---------- Exercise data
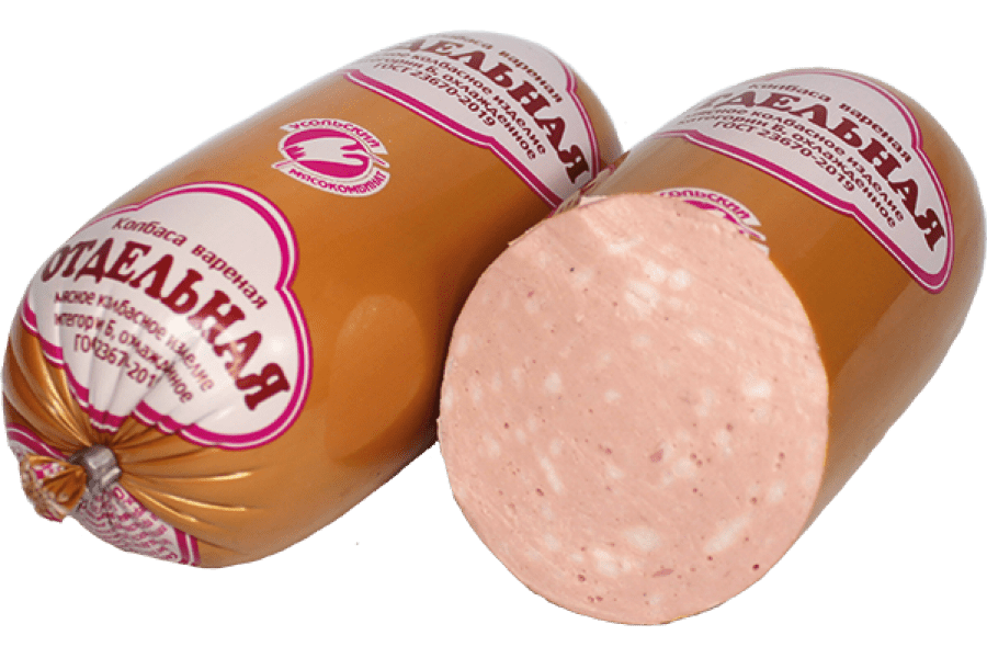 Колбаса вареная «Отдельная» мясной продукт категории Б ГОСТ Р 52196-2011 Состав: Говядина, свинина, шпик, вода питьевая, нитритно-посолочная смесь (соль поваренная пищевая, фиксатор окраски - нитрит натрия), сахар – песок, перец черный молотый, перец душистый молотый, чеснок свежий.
--------------------
---------- Exercise data
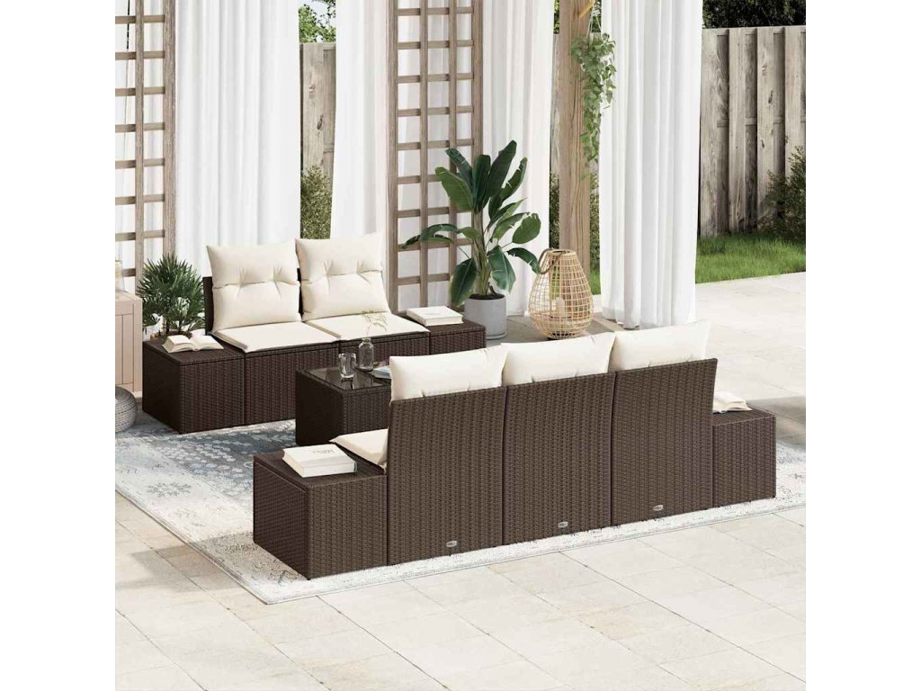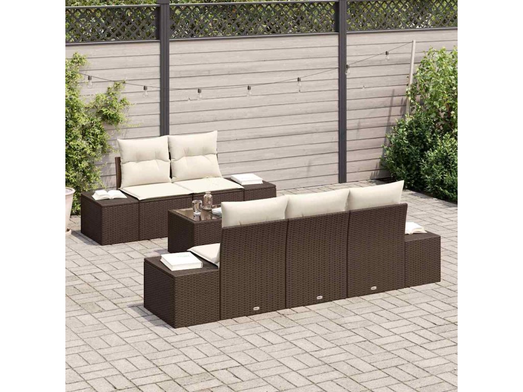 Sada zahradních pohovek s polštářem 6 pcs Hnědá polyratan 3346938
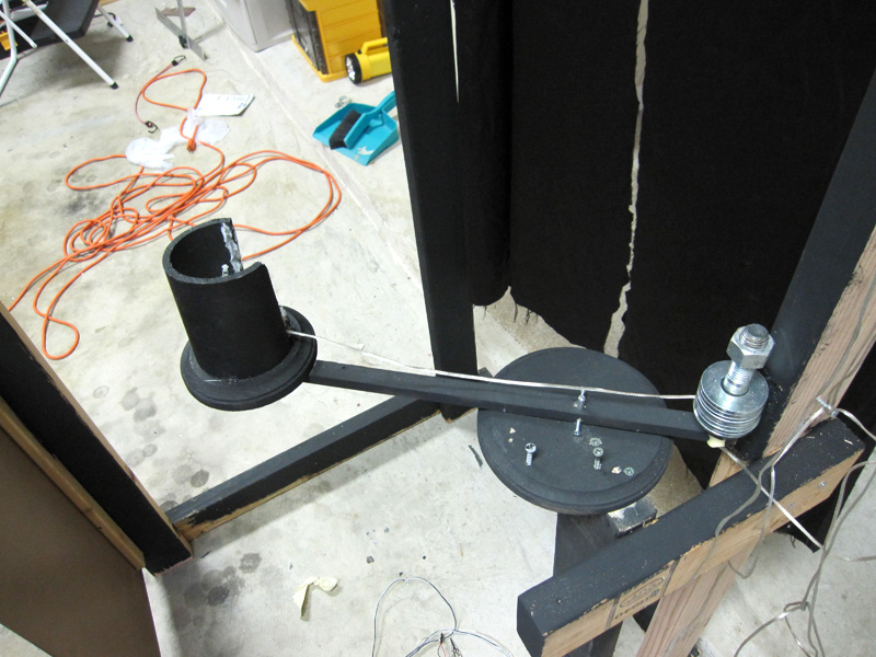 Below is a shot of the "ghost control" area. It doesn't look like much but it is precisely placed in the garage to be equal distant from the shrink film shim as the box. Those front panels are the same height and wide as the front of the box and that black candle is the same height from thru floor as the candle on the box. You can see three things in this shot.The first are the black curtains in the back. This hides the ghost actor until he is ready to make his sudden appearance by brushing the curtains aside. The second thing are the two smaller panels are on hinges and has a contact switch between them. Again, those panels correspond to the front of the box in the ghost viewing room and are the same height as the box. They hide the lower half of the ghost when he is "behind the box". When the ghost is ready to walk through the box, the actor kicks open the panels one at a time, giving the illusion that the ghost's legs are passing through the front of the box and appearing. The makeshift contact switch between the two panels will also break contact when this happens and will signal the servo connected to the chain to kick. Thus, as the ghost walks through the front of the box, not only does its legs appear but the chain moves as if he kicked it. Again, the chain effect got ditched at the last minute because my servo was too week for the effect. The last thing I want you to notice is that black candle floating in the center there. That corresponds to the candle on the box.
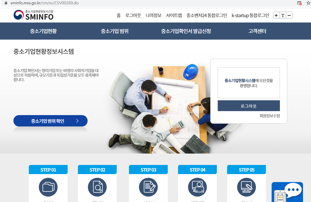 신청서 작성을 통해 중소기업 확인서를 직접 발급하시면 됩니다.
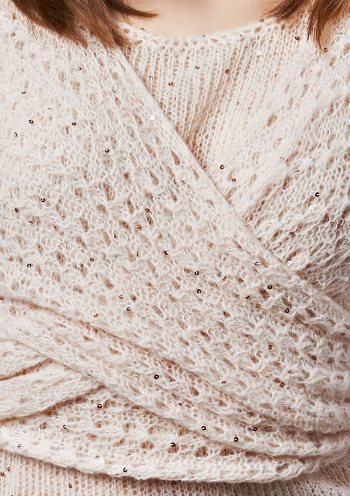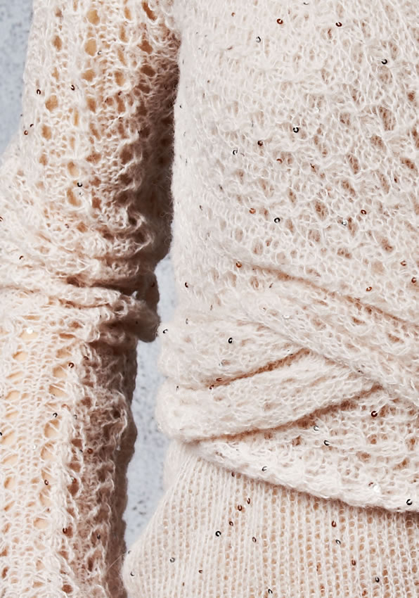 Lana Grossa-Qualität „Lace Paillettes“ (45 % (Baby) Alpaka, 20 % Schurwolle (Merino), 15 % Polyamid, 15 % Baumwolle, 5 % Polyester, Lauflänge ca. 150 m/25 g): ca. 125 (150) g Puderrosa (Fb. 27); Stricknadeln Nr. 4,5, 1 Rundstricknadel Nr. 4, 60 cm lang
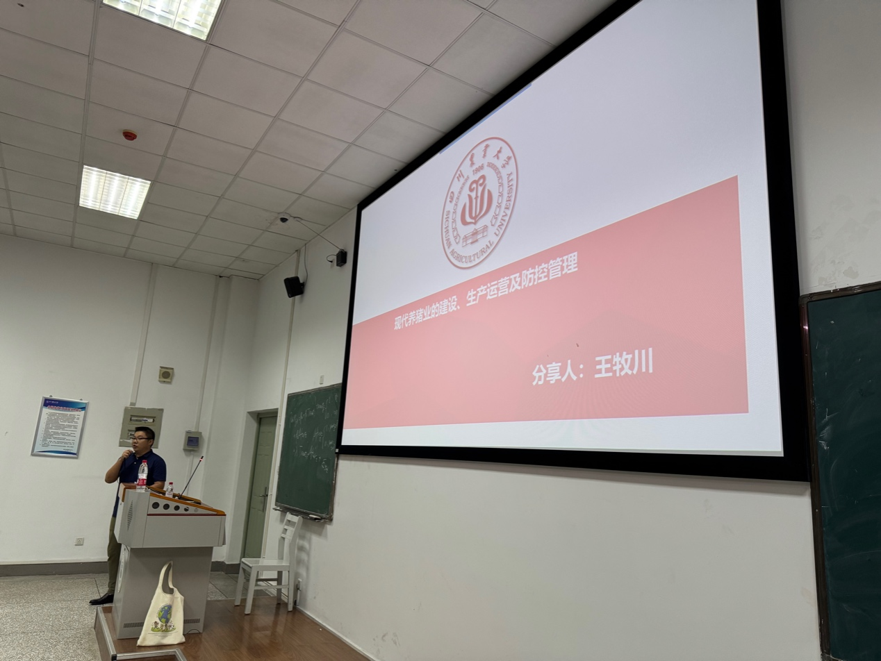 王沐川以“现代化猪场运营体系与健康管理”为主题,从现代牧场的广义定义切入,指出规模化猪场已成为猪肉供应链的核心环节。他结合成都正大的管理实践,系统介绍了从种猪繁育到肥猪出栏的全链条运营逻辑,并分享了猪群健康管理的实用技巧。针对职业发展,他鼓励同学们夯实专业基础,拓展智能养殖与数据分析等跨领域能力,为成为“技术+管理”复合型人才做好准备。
--------------------
---------- Exercise data
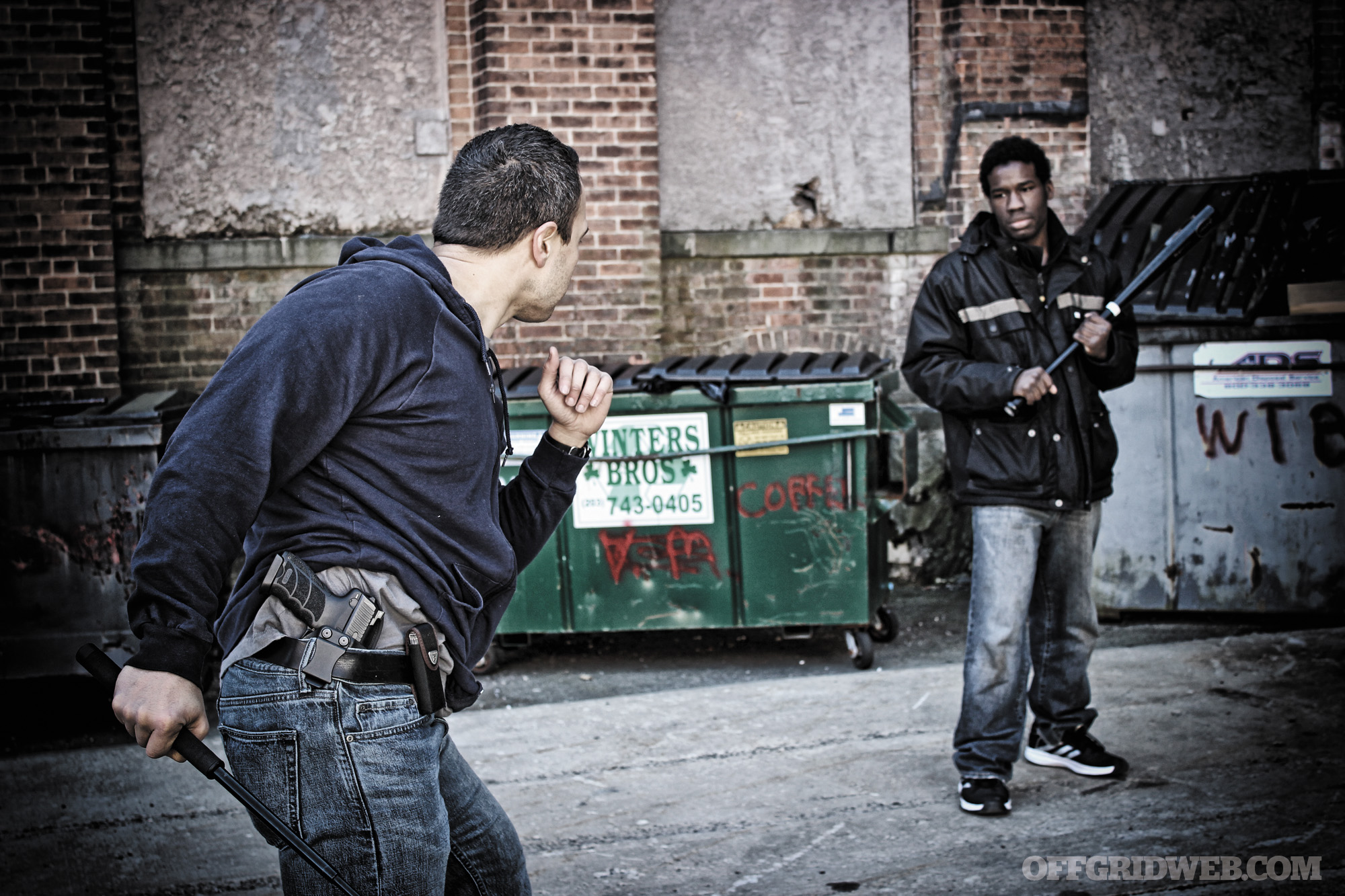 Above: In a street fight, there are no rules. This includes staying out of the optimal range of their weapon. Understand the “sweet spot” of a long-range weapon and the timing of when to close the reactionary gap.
--------------------
• What needs to be done: Given the listing above, retype only the span of lines from the line with "Below is a shot" up to and including the line with "Lana Grossa-Qualität „Lace", exactly as it stands and without pictures.

• Solution to this exercise:
 Below is a shot of the "ghost control" area. It doesn't look like much but it is precisely placed in the garage to be equal distant from the shrink film shim as the box. Those front panels are the same height and wide as the front of the box and that black candle is the same height from thru floor as the candle on the box. You can see three things in this shot.The first are the black curtains in the back. This hides the ghost actor until he is ready to make his sudden appearance by brushing the curtains aside. The second thing are the two smaller panels are on hinges and has a contact switch between them. Again, those panels correspond to the front of the box in the ghost viewing room and are the same height as the box. They hide the lower half of the ghost when he is "behind the box". When the ghost is ready to walk through the box, the actor kicks open the panels one at a time, giving the illusion that the ghost's legs are passing through the front of the box and appearing. The makeshift contact switch between the two panels will also break contact when this happens and will signal the servo connected to the chain to kick. Thus, as the ghost walks through the front of the box, not only does its legs appear but the chain moves as if he kicked it. Again, the chain effect got ditched at the last minute because my servo was too week for the effect. The last thing I want you to notice is that black candle floating in the center there. That corresponds to the candle on the box.
 신청서 작성을 통해 중소기업 확인서를 직접 발급하시면 됩니다.
 Lana Grossa-Qualität „Lace Paillettes“ (45 % (Baby) Alpaka, 20 % Schurwolle (Merino), 15 % Polyamid, 15 % Baumwolle, 5 % Polyester, Lauflänge ca. 150 m/25 g): ca. 125 (150) g Puderrosa (Fb. 27); Stricknadeln Nr. 4,5, 1 Rundstricknadel Nr. 4, 60 cm lang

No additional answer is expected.